To learn more about why only some coronavirus patients become severely ill, researchers studied patients' "blood transcriptome," the complete set of genes that are activated in immune cells in the blood. They found at least five different types of the immune response against the coronavirus -- not just "mild" and "severe," according to a paper posted online ahead of peer review.
"In other words, there are different flavours of the disease," just as there are different types of cancer, study co-author Dr Joachim Schultze of the University of Bonn told Reuters.
Understanding the molecular mechanisms at work in a given patient could help doctors tailor the therapy to target those mechanisms, Schultze said.
The findings also helped his team predict which drugs would likely benefit COVID-19 patients.

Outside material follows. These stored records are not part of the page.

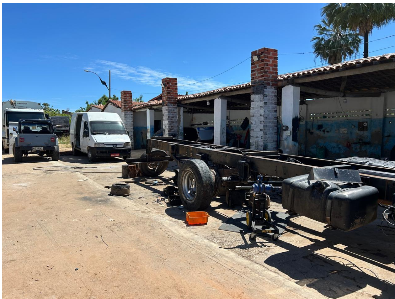
Imagem 03 – Visão geral parte interna (Oficina/Galpão) da sede da empresa (Endereço: Não foi repassado pelo responsável da empresa) – Data Visita: 03/07/2025

CNPJ Nº 07.963.515/0001-36 | CGF Nº 06.920.307-5
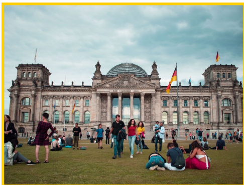
Reichstagsgebäude im sommerlichen Berlin

Sonnige Sommertage wünscht Ihnen der ESF Berlin.
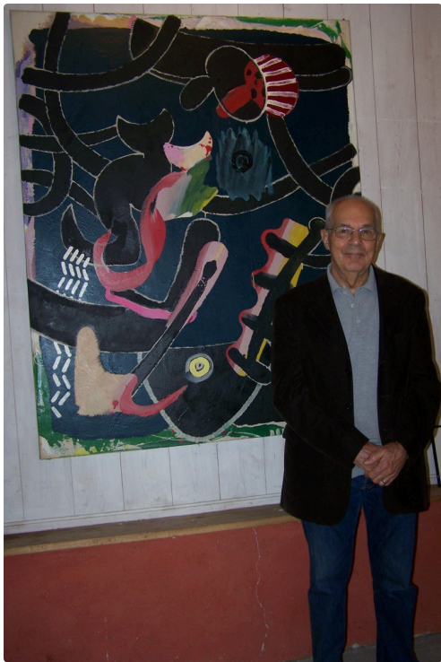
L'artiste devant une de ses œuvres

One "prominent" candidate cited was the steroid dexamethasone, which has already been proven effective in some COVID-19 patients.
Another "surprising" discovery they cited involved granulocytes, a type of white blood cell. "Granulocytes, cells that are not really known to be major players in the fight against viruses, play a major role in severe COVID-19 disease," Schultze said.
The new findings "will help us to find better therapies and also will guide vaccine development," he added.
TB vaccine may limit COVID-19 deaths
A tuberculosis vaccine routinely given to children in countries with high rates of that bacterial disease might be helping to reduce deaths from COVID-19, researchers reported on Thursday in the scientific journal Proceedings of the National Academy of Sciences.
After accounting for differences in factors that might affect vulnerability to the virus - such as income, education, health services and age distribution - the researchers found that countries with higher rates of Bacille Calmette-Guérin (BCG) vaccinations for tuberculosis had lower peak mortality rates from COVID-19.
A good example was Germany, which had different vaccine plans before East Germany and West Germany were unified in 1990, the researchers said, Reuters reported.
COVID-19 mortality rates among senior citizens are nearly three times higher in western Germany than in eastern Germany, were more older people received the vaccine as infants, they found.
Study co-author Luis Escobar of Virginia Tech said in a press statement that BCG vaccines have been shown to protect against other viral respiratory illnesses. Escobar cautioned that the new findings are preliminary.
The BCG vaccine is currently being tested for preventing COVID-19 in healthcare workers.